Создавалась «Ку-гa» — приднепровская мафия.

«Ку-га» просуществовала очень недолго и успела взять сравнительно мало жертв лишь вследствие отвращения местных жителей к убийству в спину.

Начальство закрывало глаза на деятельность «Ку-ги» и ее жертвы. А уничтожали с корнем, не подкопаешься. И тот, кто заинтересуется этим вопросом, должен будет лишь просмотреть статистические данные. За два года на территории Могилевщины погибло «от волков» больше людей, чем за предыдущие триста лет. Причем почему-то среди погибших не было крестьян, а все больше шляхта.

* * *

Сабина Марич ни на что не обращала внимания. Она искала Алеся. Все окончилось неожиданно просто, и тон из последней беседы не оставил ей никаких надежд.

Они встретились и долго беседовали, и она сказала ему, что мир становится лучше, когда в нем встречаешь таких людей, как он. И тогда Алесь, словно вдруг прозрев, ответил:

— Не надо этого, Сабина. Для вас я сосед и друг, как Раткевич, как другие хорошие люди. Будет плохо — поможем. Ваш враг — наш враг. Ваш друг — наш друг. Вот и все.

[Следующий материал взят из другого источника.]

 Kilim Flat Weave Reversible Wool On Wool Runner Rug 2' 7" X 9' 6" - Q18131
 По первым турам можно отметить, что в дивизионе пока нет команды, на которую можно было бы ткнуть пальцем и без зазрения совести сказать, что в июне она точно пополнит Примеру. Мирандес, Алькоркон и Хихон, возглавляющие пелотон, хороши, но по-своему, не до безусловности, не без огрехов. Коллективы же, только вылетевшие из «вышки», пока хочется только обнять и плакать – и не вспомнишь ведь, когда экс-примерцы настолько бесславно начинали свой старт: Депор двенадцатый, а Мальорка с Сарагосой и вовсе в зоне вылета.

Она благословляла бога, что не успела зайти дальше, что не дошла до последнего унижения.

— Я это и имела в виду, князь.

— Вот и хорошо.

— И мне не хотелось бы никогда стать для вас тем, чем стали Ходанские и Раубичи.

Он понимал, что это удар, возможно, даже легкая угроза. Она не успела зайти далеко, и Алесь радовался, что отсек этим одним ударом все ее попытки. Но он также догадывался, что в мыслях она зашла далеко и теперь ни за что не простит ему этого.

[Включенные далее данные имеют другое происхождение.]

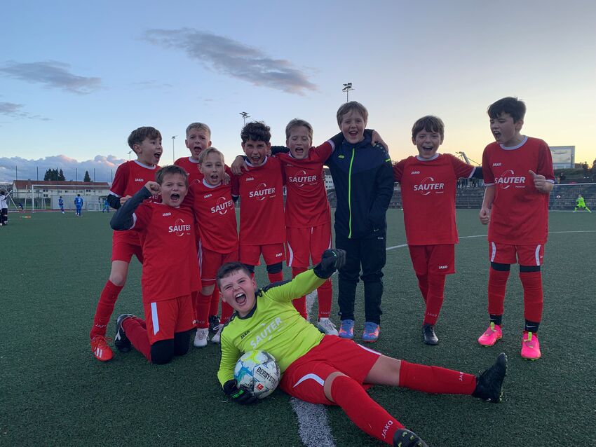 In der 31. Minute kam dann aber ein langer Ball unhaltbar aus der tiefstehenden Sonne auf unser Tor und es stand nur noch Zwei zu Eins für uns. Das Spiel wogte nun packend hin und her. Wir kamen zwar dann und wann zu entlastenden Angriffen. Die Hauptarbeit war nun aber defensiv dagegen zu halten. Die Fans des VfB hatten das eine oder andere Mal den Torschrei schon auf den Lippen. Aber unser Igor wuchs immer wieder über sich hinaus und hielt seinen Kasten sauber und uns im Rennen. Als der gute Schiedsrichter Tom Buchmüller nach packenden und an Spannung kaum zu überbietenden 50 Minuten und kurzer Nachspielzeit abpfiff konnte man den unbändigen Jubel unserer Jungs und der mitgereisten Eltern sicher bis nach Tettnang hören. Mit einer geschlossenen und unheimlich tollen Mannschaftsleistung bleiben die Jungs mit einem Unentschieden und sechs Siegen in dieser starken Gruppe ungeschlagen und belohnen sich mit der verdienten Herbstmeisterschaft. Es macht einfach Spaß zu sehen wie toll die Jungs zusammengewachsen sind und als Kollektiv auftreten. Voller Freude gehen wir nun in die Hallenrunde und stellen uns den kommenden Aufgaben wieder hochmotiviert.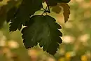 Листопадні дерева з листками 6-12 см в довжину, еліптичної або довгасто-яйцеподібної форми, тупі, з округлою основою, біля основи частіше з 5 парами неглибоких, але чітко визначених, загострених або тупих лопатей, іноді нижні пари листочків розсічені майже до середньої жилки, але ніколи не є складними і перистими, у верхній частині пластинка листа невиражено і неглибоко лопатево-зубчаста, по краю листя дрібно і нерівномірно пильчато-зубчасті, з 7-9 парами жилок, зверху з восковим нальотом, темно-зелені, блискучі, знизу до осені шерстисті, сіруваті або жовтувато-сірі від опущення, перед листопадом фарбуються в жовтий або помаранчевий колір.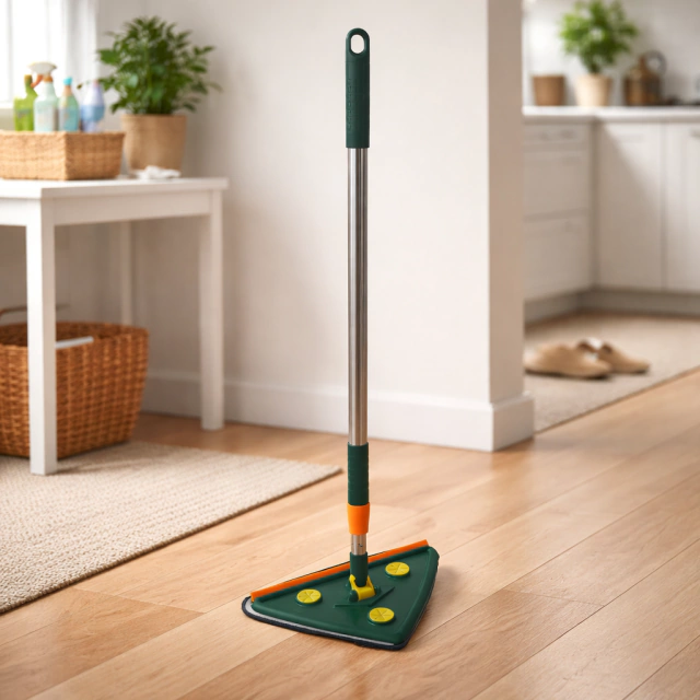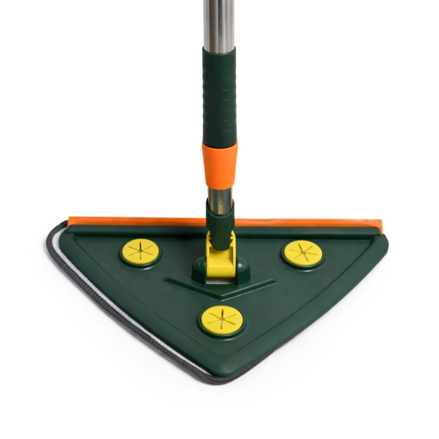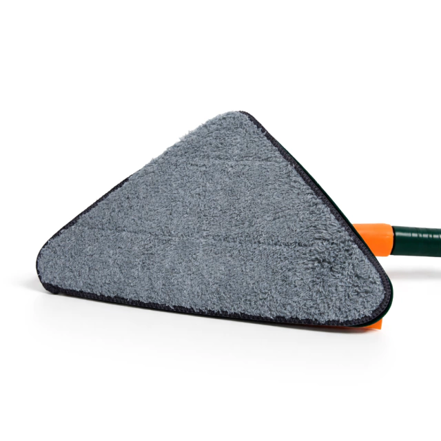Trapeador de limpieza triangular diseñado para una limpieza eficiente y profunda. Su cabezal con rotación de 360° permite llegar fácilmente a rincones, esquinas y zonas de difícil acceso, siendo ideal tanto para pisos como para techos.

— Да, — сказал он, — это действительно было б неприятно. Особенно для меня.

Она предполагала и раньше, почему его удручает вражда с Раубичами, а теперь узнала обо всем.

Свет потускнел.

Она не могла жить без него. Раньше, в мечтах, — как без любимого. Теперь — как без недосягаемого и единственно необходимого существа. В недалеком будущем — как без врага.

* * *

Михалина через няньку Тэклю сообщила Алесю, что она снова, в третий раз за эти месяцы, выбирая время, когда у отца было хорошее настроение, предприняла попытку поговорить с ним о Загорских.

Она писала, что это теперь было более чем трудно. Округа не знала, почему после нападения Корчака на имение Раубич особенно резко изменил свое отношение к молодому князю. Алесь ничего никому не рассказывал. Раубич тоже молчал. Знали, что Алесь с табуном прискакал ему на помощь, а насчет дальнейшего ходили разные слухи. Одни говорили, что Загорский опоздал и бандиты уже скрылись, подпалив дворовые постройки и не убив пана, потому что не хотели жертв и большой облавы. Другие утверждали, что Загорский чуть не испортил дела, еще издали открыв пальбу, потому что немного боялся, что было естественно. Говорили и о какой-то большой страшной ссоре (выводили ее логическими построениями), в которой будто бы обе стороны осыпали друг друга взаимными оскорблениями. А кто говорил, что Алесь вообще не доехал. Но никто ничего толком не знал.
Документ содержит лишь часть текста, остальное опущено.